From the line that contains "Project Note >>" through the closing line of the entries, write out each line exactly; pictures stay out.
-------- Data to examine
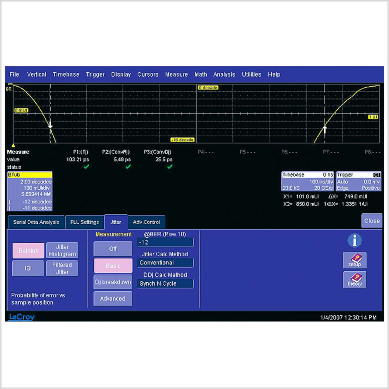 „Dj breakdown“ setzt sich aus drei Werten zusammen: Periodic jitter: periodische Signale modulieren die Flankenposition; Duty cycle jitter: Änderungen des Tastverhältnisses; Data dependant jitter: durch Dateninhalt hervorgerufene Veränderungen. Der Wert von P1 wird errechnet und entspricht dem Spitze-Spitze-Wert des Jitters für ein BER von 10–12 und setzt sich aus dem Random Jitter (mittlere Abweichung, Gaußscher Anteil) und dem Deterministischen Jitter zusammen.
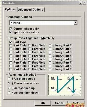 2.接着Tools->Annotate,在Option选项中,我们把Annotate Option选为: ?Parts,勾选Current sheet only和Ignore selected part,接着在Re-annotate Method中选择你需要排列的顺序,具体设置请看图2.
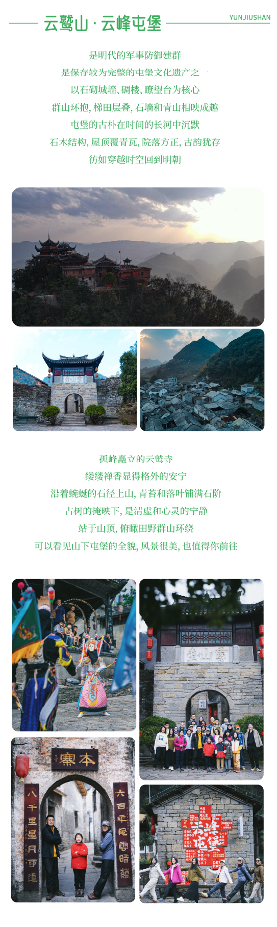 早餐后乘车前往云峰屯堡,走进600年的古寨,欣赏贵州“八怪”之一的石头当瓦盖,登云鹫山寺祈福、一览众山小;穿越玄祖洞前往本寨屯堡,古寨打卡,参观游览古宅大院,了解屯堡文化,走进屯堡人的生活场景,感受一场人文盛宴之旅。在本寨自由解决午餐或集体聚餐庆功宴,后乘车返回贵阳,送站/送机,行程结束。
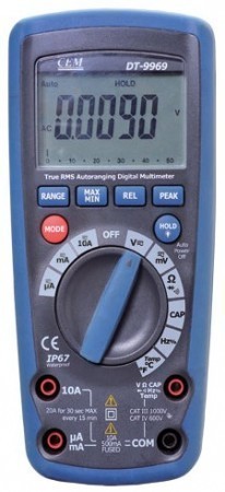 DT-9969 – профессиональный цифровой мультиметр в двойном пластиковом водонепроницаемом корпусе со степенью защиты IP67. Мультиметр измеряет среднеквадратичное значение переменного напряжения и тока – True RMS.
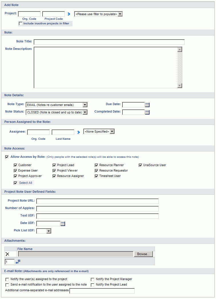 Project Note >> User Defined Fields (administrators can establish additional custom project notes user defined fields)
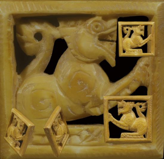 พญาครุฑ งานลงยา แกะจาก กรอบทอง |
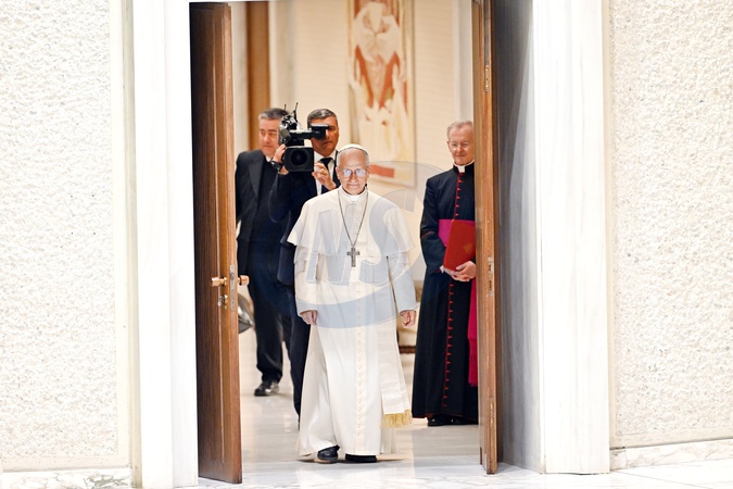 Pope Leone XIV meets the Media at Paolo VI Hall in the Vatican CIty, Rome.12 May 2025
----------------
Exercise solution →
 Project Note >> User Defined Fields (administrators can establish additional custom project notes user defined fields)
 พญาครุฑ งานลงยา แกะจาก กรอบทอง |
 Pope Leone XIV meets the Media at Paolo VI Hall in the Vatican CIty, Rome.12 May 2025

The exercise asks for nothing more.